The output must be exactly the lines from the "4K 400M/1300FT DUAL" line through the end of the listing below, with no picture included.

■ GIVEN MATERIAL:
+ + + + +

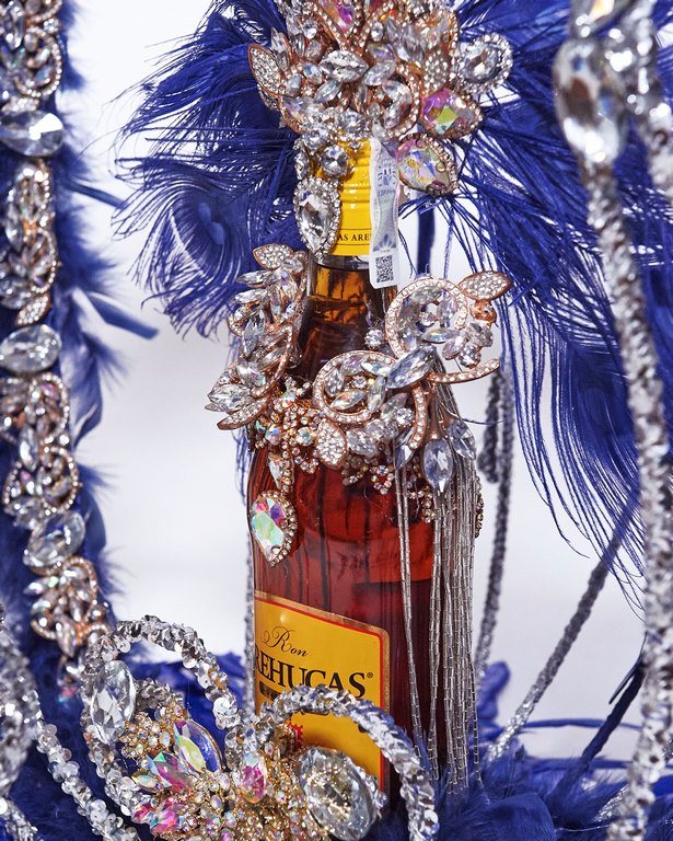 Para él el diseño de la botella de ron le inspira a recordar lo importante que es hoy en día una reunión entre amigos, el brindis de una boda, las campanadas de fin de año o simplemente un “mogollón“ de carnaval. Su creación está realizada con materiales reciclables buscando hacer hincapié en un claro mensaje de cuidar el planeta.
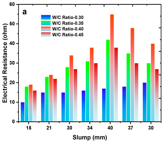 The electrical resistance analysis for (a) slump and (b) viscosity. The electrical resistance of the material under study ranges from 0 to 60 ohms. In contrast, the slump values range from 15 to 60 mm, depending on the water-to-cement (W/C) ratio, which varies from 0.30 to 0.45, shown in Figure 7. For a W/C ratio of 0.40, the highest slump value of 40 mm is observed when the electrical resistance is 55 ohms. As the W/C ratio increases, the slump value and electrical resistance increase up to a W/C ratio of 0.40. However, beyond this point, a decline in performance (viz., Figure 7a).
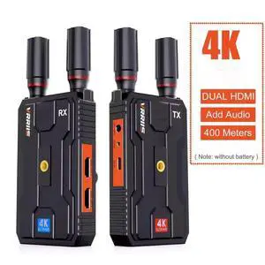 4K 400M/1300FT DUAL Outputs Wireless Video Transmitter and Receiver for Outdoor Events Football Live Streaming Indoor Pass Wall
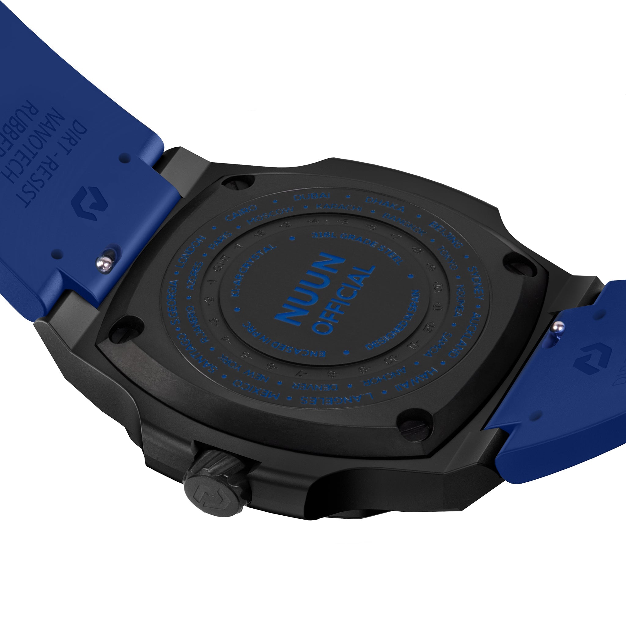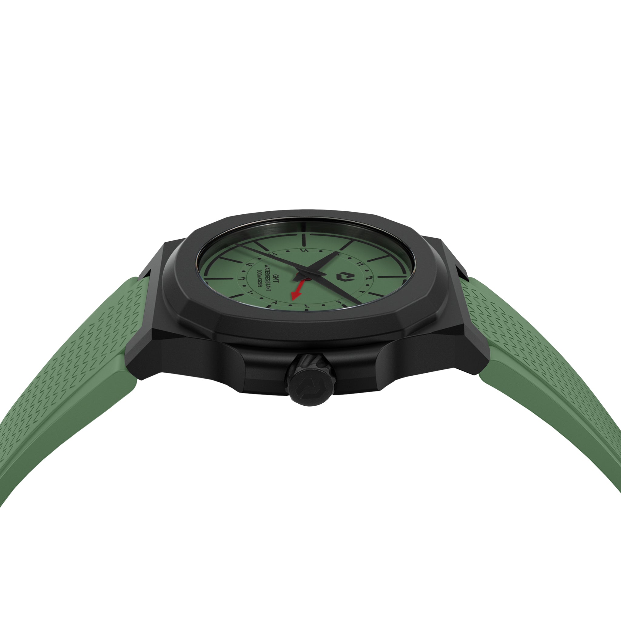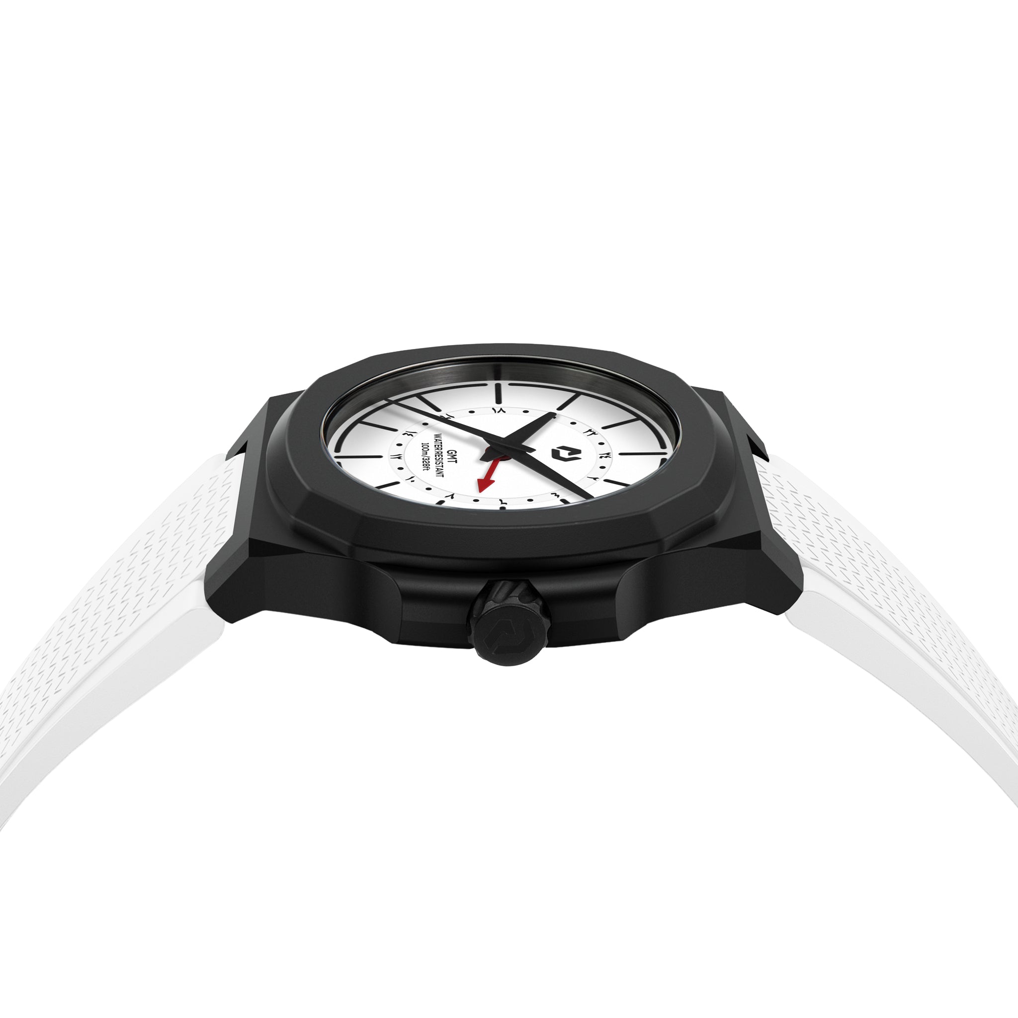 Our watches are encased in Carbon X Tech, a robust yet lightweight material that promises durability and comfort. The dimensions, an elegant 40.5mm x 47mm, sit perfectly on your wrist, designed for both action and sophistication.

+ + + + +

■ THE ANSWER:
 4K 400M/1300FT DUAL Outputs Wireless Video Transmitter and Receiver for Outdoor Events Football Live Streaming Indoor Pass Wall
 Our watches are encased in Carbon X Tech, a robust yet lightweight material that promises durability and comfort. The dimensions, an elegant 40.5mm x 47mm, sit perfectly on your wrist, designed for both action and sophistication.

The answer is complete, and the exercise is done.